___ Dataset content

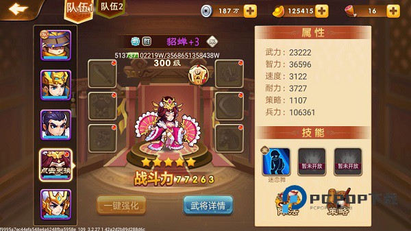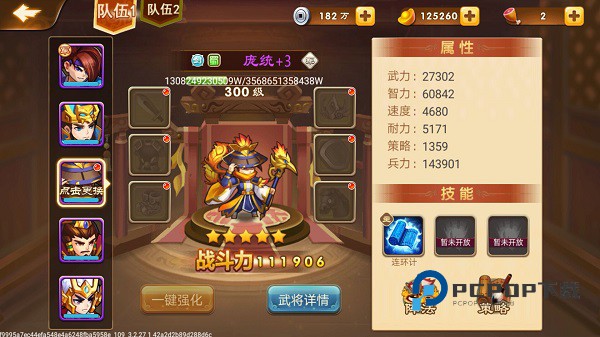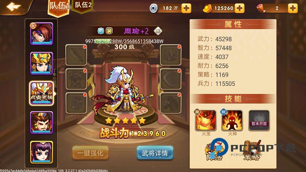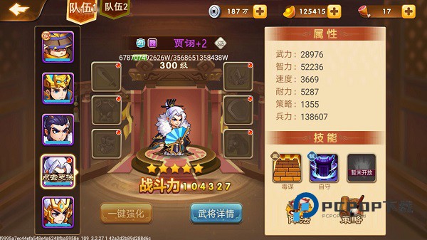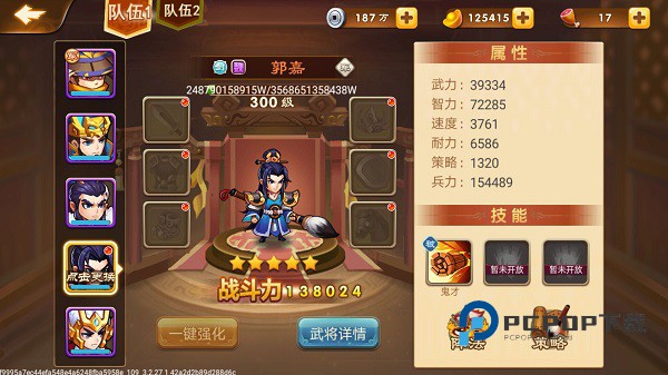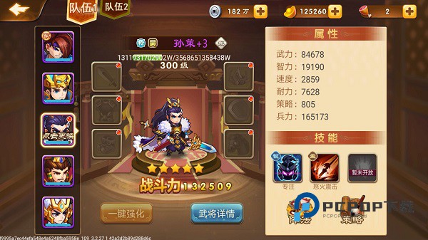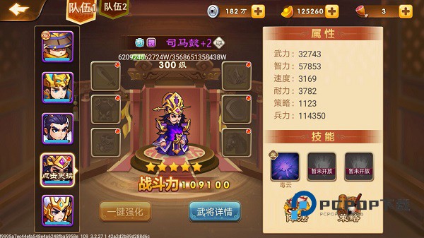 但需要注意的一点是,光凭武将个人的能力还不够,你还需要搭配出一个合理的阵容,每个玩家最好是要有一个军师和四名将军,其中将军最重要的是武力、速度、耐力以及兵力,当然武将不只注重属性,还要注重武将技能,因为技能可以增加伤害和我方的抵抗能力。而军师的话最注重的属性有智力,速度及策略,只要这些属性越高,玩家的武将也就越厉害!
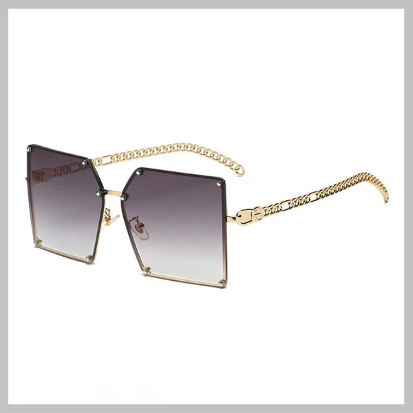 Stílusos és feltűnő megjelenésű, nagy lencsés elegáns női napszemüveg arany színű láncos szárakkal. Ez a modern, különleges fazon garantáltan kitűnik a tömegből, miközben UV400 védelemmel óvja a szemedet a káros napsugaraktól.
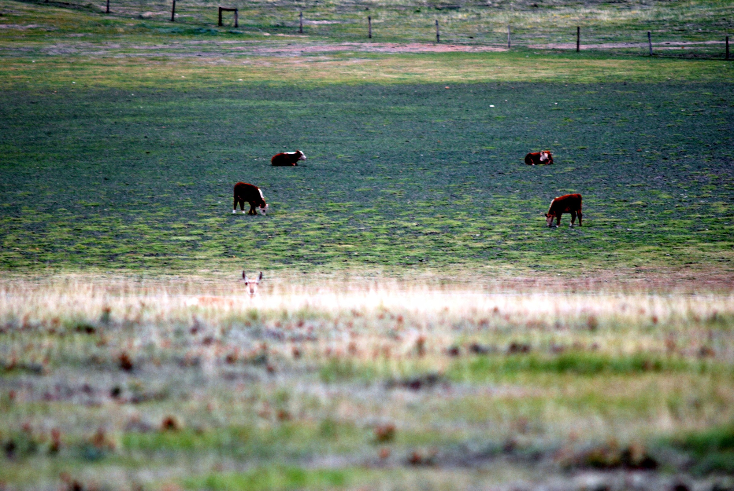 Cattle grazing on playa with pronghorn head and eyes visible through grass on crest of hill in foreground.
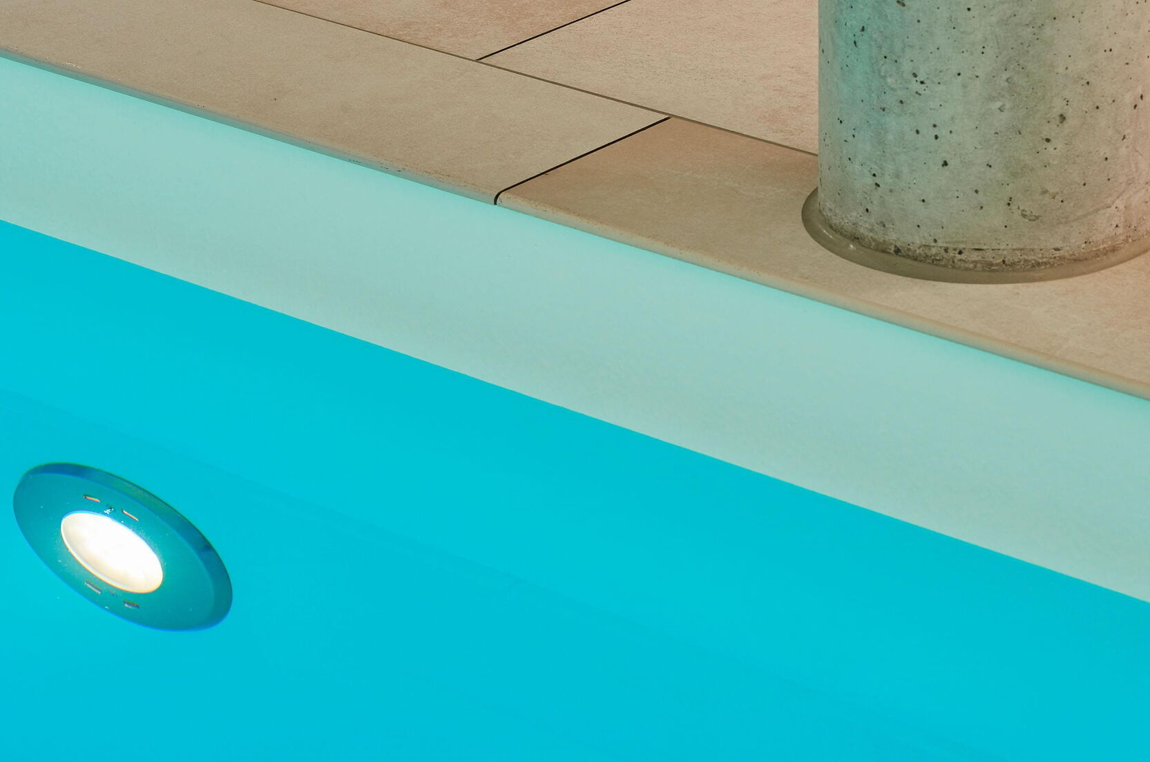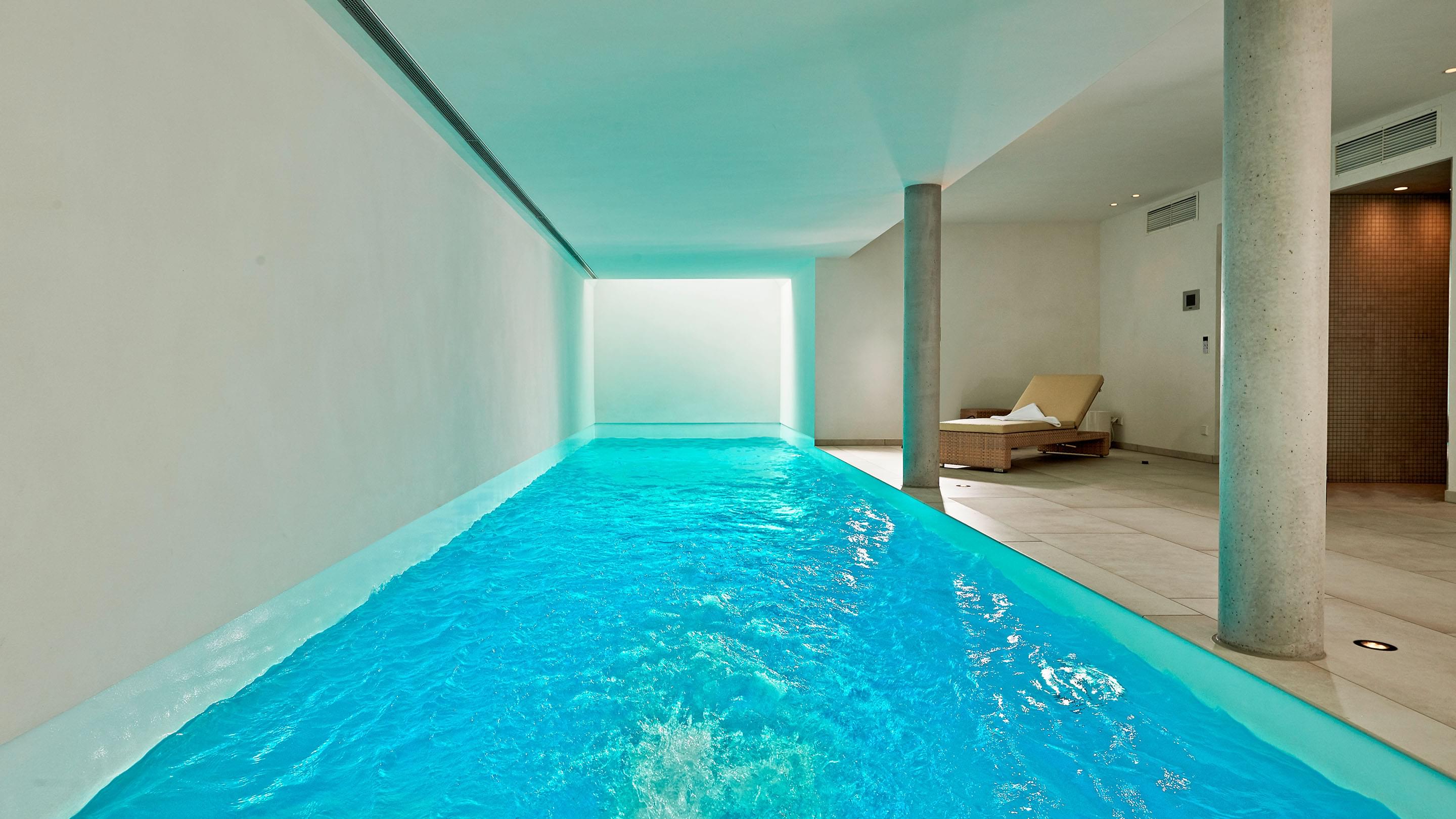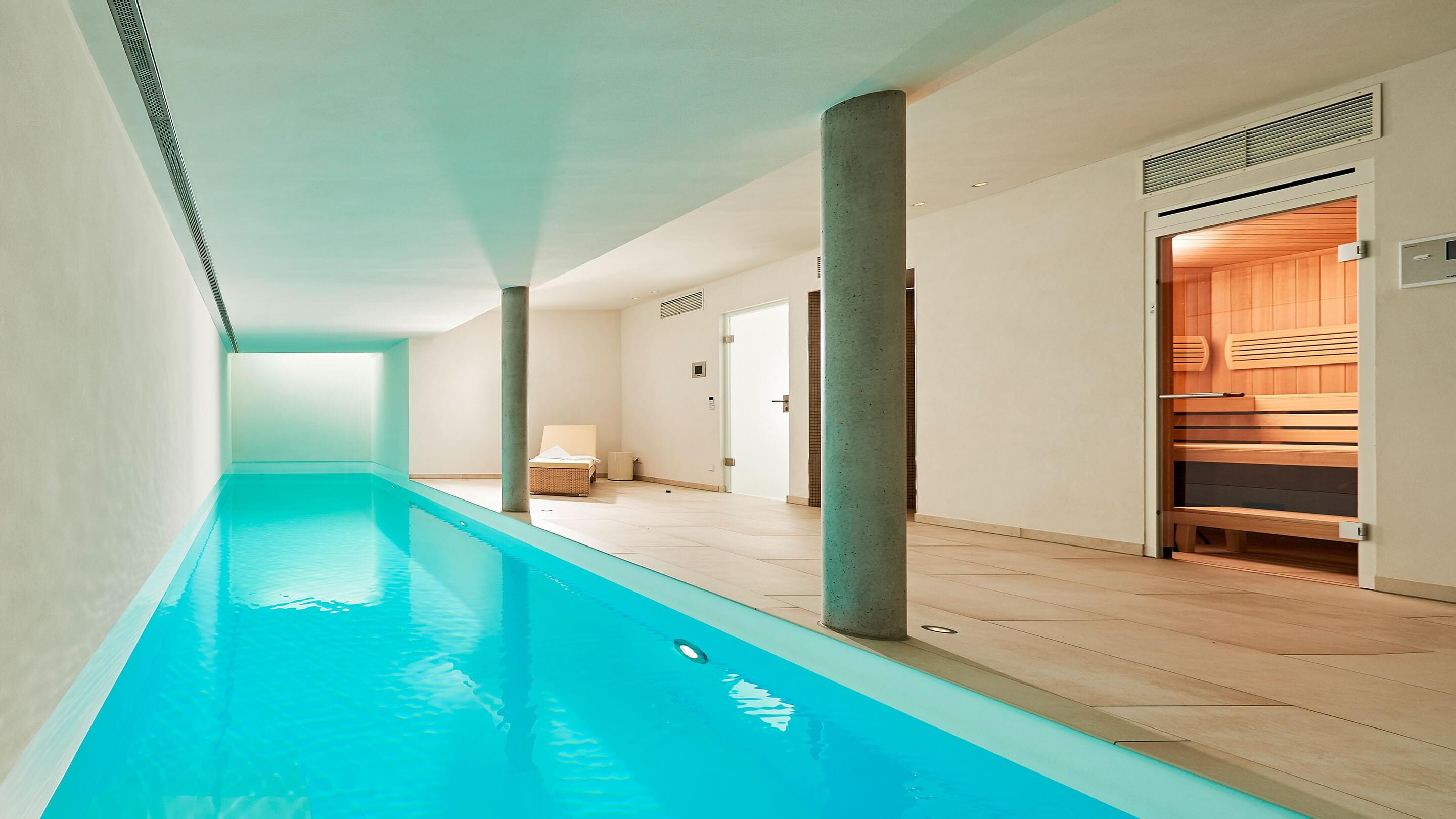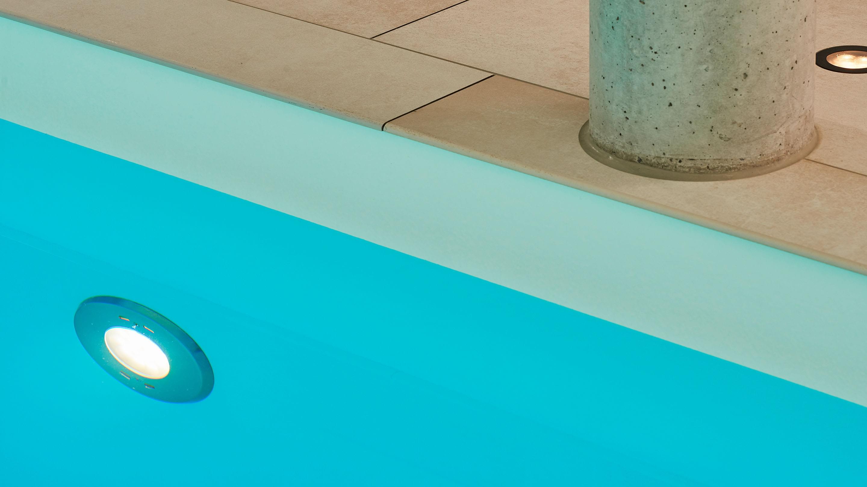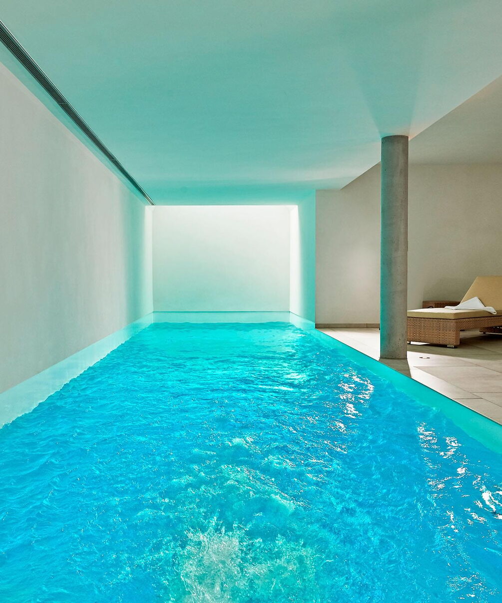 Die Terrasse ist vom Schwimm- und Wellnessbereich über eine Schiebetür auf kurzem Wege zugänglich. Im Pool-Bereich sorgen zwei großzügige stirnseitig angebrachte Oberlichter für Tageslicht sowie eine Ospa-LED-Unterwasserbeleuchtung für eine atmosphärisch-warme Beleuchtung bei Dunkelheit. Im 11,50 m langen Pool ist außerdem eine Gegenstromanlage installiert – zügiges Schwimmen ohne Wenden ist dadurch problemlos möglich. Die auf den ersten Blick schlichte Konstruktion wird von Sichtbetonsäulen getragen. Sie bestimmen die Optik und werden durch Feinsteinzeug und Putz in ihrer Wirkung betont. Das Material der Säulen wiederholt sich auch in der sechsstufigen Einstiegstreppe ins Becken, die das puristische Design des gesamten Bereichs gekonnt fortführt. Für jederzeit perfektes Wohlfühlwasser sorgt die Ospa Wasseraufbereitungsanlage bestehend aus der Schwimmbadsteuerung Ospa-BlueControl, Ospa-Superfilter mit zusätzlicher Aktivkohleschicht und Ospa-BlueClear®-Desinfektion. Über die Schwimmbadsteuerung Ospa-BlueControl IV Web können alle Wasserattraktionen und die Schwimmbadtechnik bequem und einfach per Touchscreen gesteuert werden.

______

§ Assignment:
Quote everything in the listing above exactly; pictures are the only thing to omit.

§ Response area:
 但需要注意的一点是,光凭武将个人的能力还不够,你还需要搭配出一个合理的阵容,每个玩家最好是要有一个军师和四名将军,其中将军最重要的是武力、速度、耐力以及兵力,当然武将不只注重属性,还要注重武将技能,因为技能可以增加伤害和我方的抵抗能力。而军师的话最注重的属性有智力,速度及策略,只要这些属性越高,玩家的武将也就越厉害!
 Stílusos és feltűnő megjelenésű, nagy lencsés elegáns női napszemüveg arany színű láncos szárakkal. Ez a modern, különleges fazon garantáltan kitűnik a tömegből, miközben UV400 védelemmel óvja a szemedet a káros napsugaraktól.
 Cattle grazing on playa with pronghorn head and eyes visible through grass on crest of hill in foreground.
 Die Terrasse ist vom Schwimm- und Wellnessbereich über eine Schiebetür auf kurzem Wege zugänglich. Im Pool-Bereich sorgen zwei großzügige stirnseitig angebrachte Oberlichter für Tageslicht sowie eine Ospa-LED-Unterwasserbeleuchtung für eine atmosphärisch-warme Beleuchtung bei Dunkelheit. Im 11,50 m langen Pool ist außerdem eine Gegenstromanlage installiert – zügiges Schwimmen ohne Wenden ist dadurch problemlos möglich. Die auf den ersten Blick schlichte Konstruktion wird von Sichtbetonsäulen getragen. Sie bestimmen die Optik und werden durch Feinsteinzeug und Putz in ihrer Wirkung betont. Das Material der Säulen wiederholt sich auch in der sechsstufigen Einstiegstreppe ins Becken, die das puristische Design des gesamten Bereichs gekonnt fortführt. Für jederzeit perfektes Wohlfühlwasser sorgt die Ospa Wasseraufbereitungsanlage bestehend aus der Schwimmbadsteuerung Ospa-BlueControl, Ospa-Superfilter mit zusätzlicher Aktivkohleschicht und Ospa-BlueClear®-Desinfektion. Über die Schwimmbadsteuerung Ospa-BlueControl IV Web können alle Wasserattraktionen und die Schwimmbadtechnik bequem und einfach per Touchscreen gesteuert werden.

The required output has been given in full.